La giornata è di quelle da bollino rosso, ci sono meno diciotto gradi, il freddo ti penetra nelle ossa e subito ti chiedi come fanno a resistere in Donbass nelle trincee i soldati che da due anni oramai si stanno confrontando in quella che viene definita una guerra asimmetrica. Noi che stiamo comodamente al caldo dietro il nostro computer siamo sempre prodighi nel coniare termini moderni, a filosofeggiare sulla natura delle cose, ma quando varchi l’ingresso delle stanze dove sono ricoverati i soldati feriti ti ricordi che nonostante si conino nuovi termini la guerra significa sempre e solamente sofferenza e distruzione.

Entro nella prima stanza insieme ad altri volontari che mi accompagnano, in punta di piedi con il rispetto che si deve a chi ha sacrificato la propria esistenza per difendere la sua Patria e il futuro delle nuove generazioni. Pasha è stato insignito della medaglia d’oro di “Difensore dell’Ucraina”, è sorpreso nel vedermi e per un attimo i suoi occhi tornano a brillare. E’ orfano ma non gli mancano le visite, i volontari passano giornalmente a trovarlo e c’è chi si è preso cura di lui e lo segue nel programma di riabilitazione. Pasha ha un grave problema alla spina dorsale ma sembra reagire al suo triste destino, sembra che la speranza non lo abbia abbandonato e chiede ad una amica di mostrarmi con orgoglio la sua medaglia. Pasha non ha risentimenti verso chi gli ha fatto questo e nemmeno verso le istituzioni Ucraine che non lo supportano adeguatamente per la sua riabilitazione, Pasha è arrabbiato con i Comandi Militari perché’ a suo giudizio non stanno facendo del loro meglio per proteggere i suoi commilitoni al fronte.

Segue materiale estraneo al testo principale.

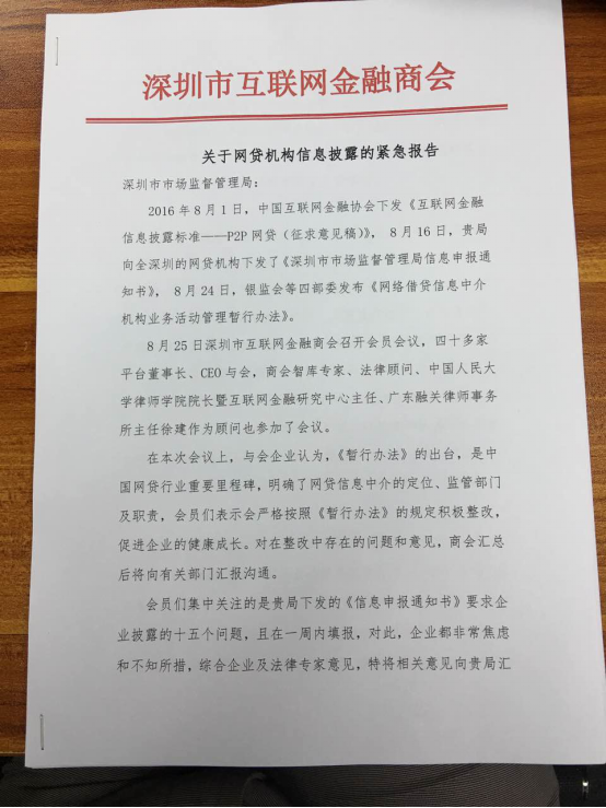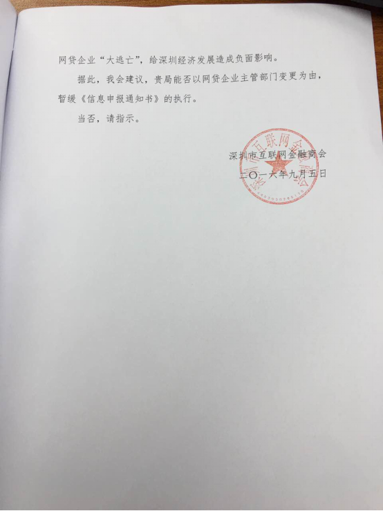 9月5日,深圳互联网金融商会称,8月16日深圳市场监督管理局向全市网贷机构下发《深圳市场监督管理局信息申报通知书》,该《通知书》要求网贷机构披露的问题均可能涉及刑事犯罪,并建议深圳市场监督管理局以网贷企业主管部门变更为由暂缓《信息申报通知书》的执行。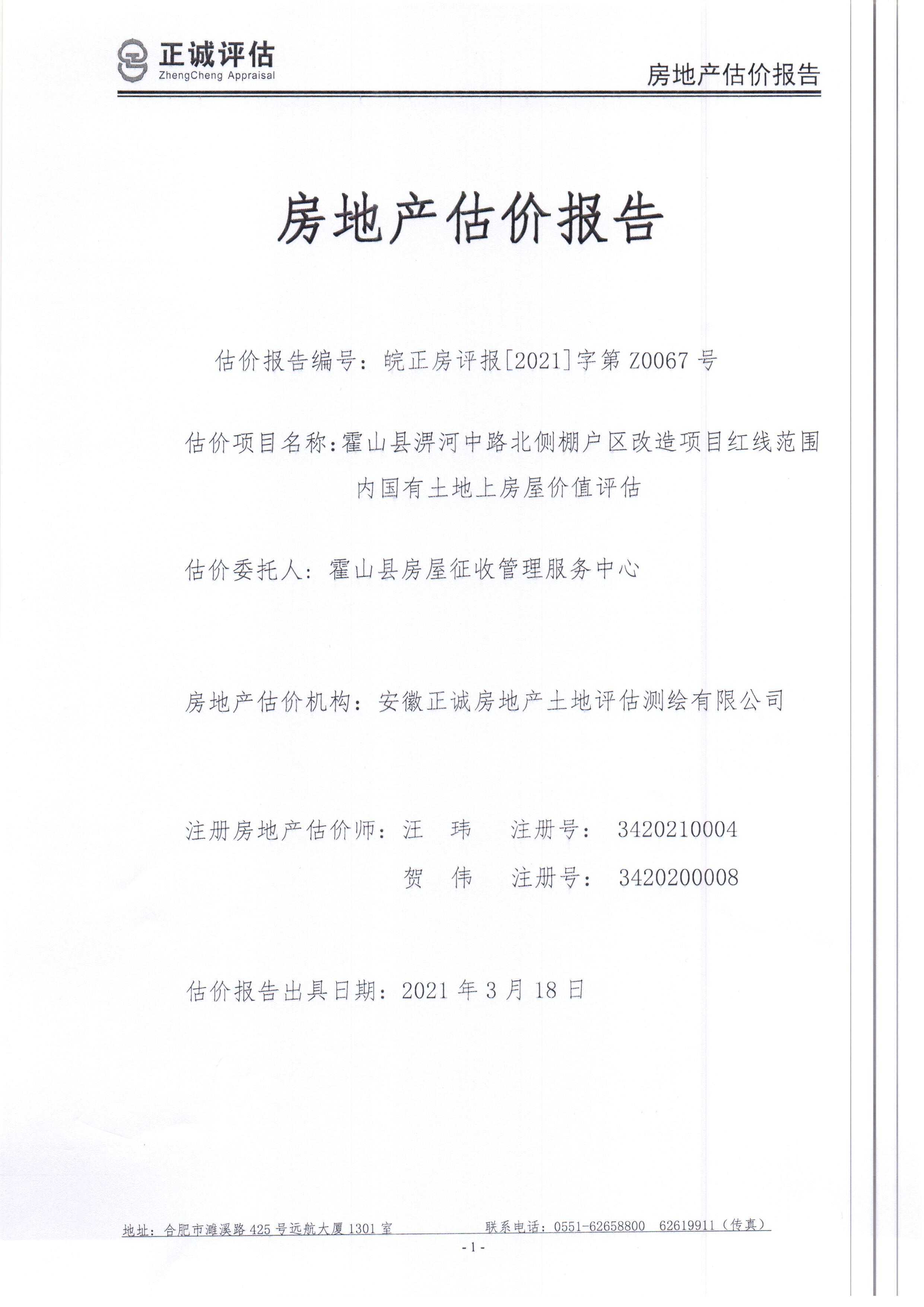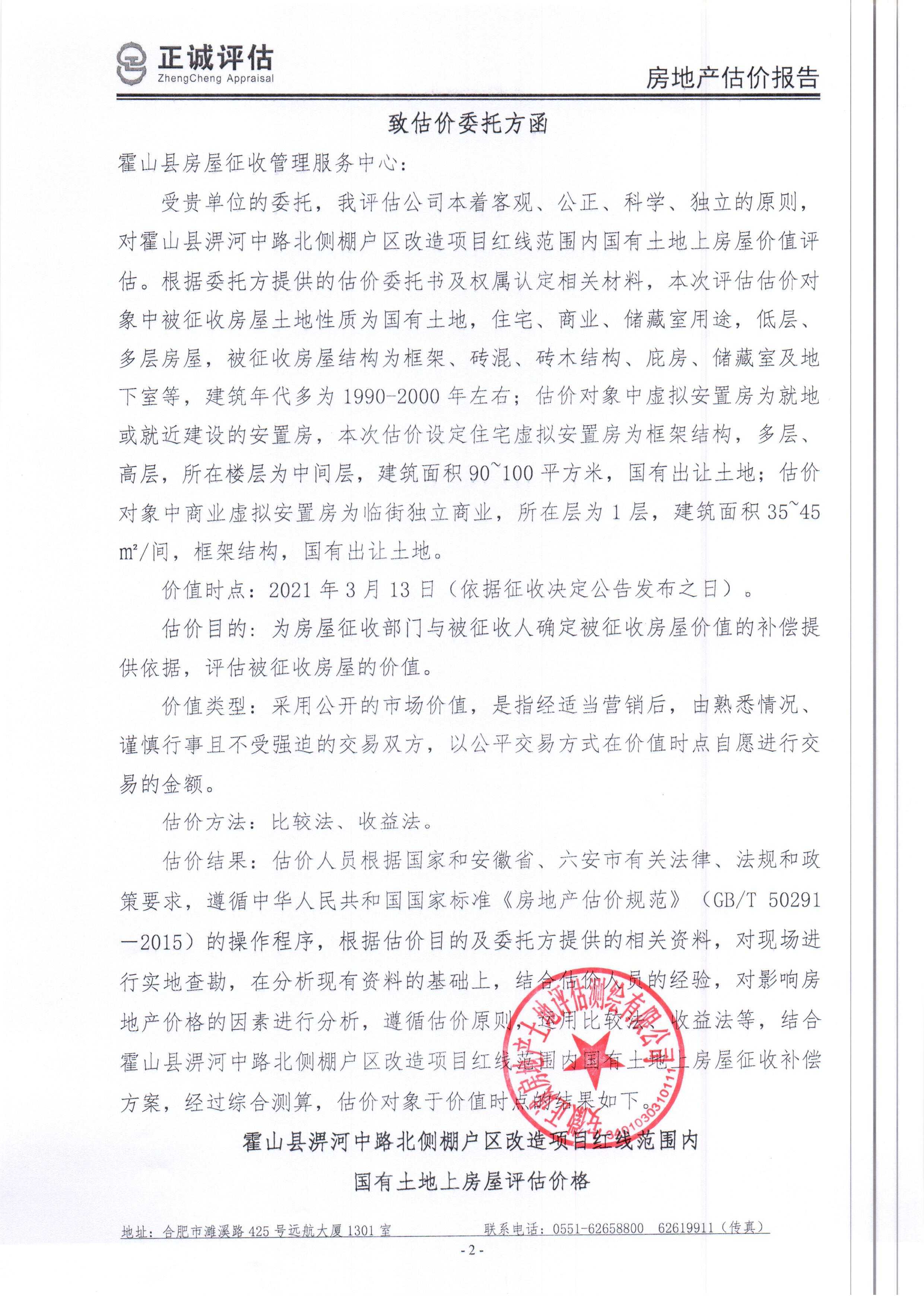 霍山县淠河中路北侧棚改地块红线范围内国有土地上房屋征收评估报告

Esco dalla stanza con un groppo in gola e subito nel corridoi incontro un altro ragazzo su una sedia a rotelle, nella stanza c’è la sua mamma a cui consegno alcuni doni. La donna mi guarda, ha gli occhi lucidi dalla commozione, è sorpresa di vedere un Italiano in quel posto, mi ringrazia. Poco più avanti in un’altra stanza incontro tre ragazzi, tre ragazzi lungodegenti e quindi più loquaci. Hanno voglia di raccontare le loro storie, mi fanno vedere i filmini che hanno girato con i loro telefonini a Debaltseve durante la ritirata del febbraio scorso. Uno di loro è di Donetsk, la sua famiglia vive ancora là ma non può venirlo a trovare a Kiev perché’ essere madre di un soldato Ucraino a Donetsk può significare la tua condanna a morte. Mi dice che il suo desiderio più grande è di tornare a Donetsk dalla sua famiglia, tornare in una Donetsk Ucraina e non Russa.

Le storie tutte diverse tra loro hanno sempre un comun denominatore, un grande cameratismo abbinato ad una disaffezione verso il potere politico che non sa proteggere e comandare degnamente tutti questi ragazzi che sono passati da Maidan ad un fronte di guerra. Sembra quasi che la Russia di Putin non riuscendo sconfiggere l’esercito Ucraino sul campo con una guerra a bassa intensità, stia invece riuscendo sul piano politico a destabilizzare il potere centrale di Kiev. Tutti si chiedono come mai nel Parlamento Ucraino nessuno se ne renda conto di questa situazione di sofferenza tra le fila dei militari, ma nessuno riesce a darsi una risposta. Nella testa di tutti però il retro pensiero è che vi siano ancora nell’impianto burocratico Ucraino degli elementi legati a Mosca che in qualche modo stanno minando la costruzione della nuova Ucraina, un pensiero molto pericoloso perché’ se mai questo Parlamento dovesse tradire il suo mandato e creare i presupposti per un nuovo Maidan, questa volta non sarebbe una protesta a base di sassi e bottiglie Molotov ma vedrebbe i rivoltosi armati di RPG e AK47.

Cambio Ospedale, ci portiamo nella grande struttura nel centro di Kiev proprio alle spalle dell’Olimpiski Stadion che solo tre anni fa ospitava la finale degli Europei di calcio dove l’Italia era una delle due protagoniste. Anche qui tanti ragazzi, chi senza un arto, chi immobilizzato a letto. Nei corridoi l’andirivieni di familiari e volontari che quotidianamente portano il loro sostegno.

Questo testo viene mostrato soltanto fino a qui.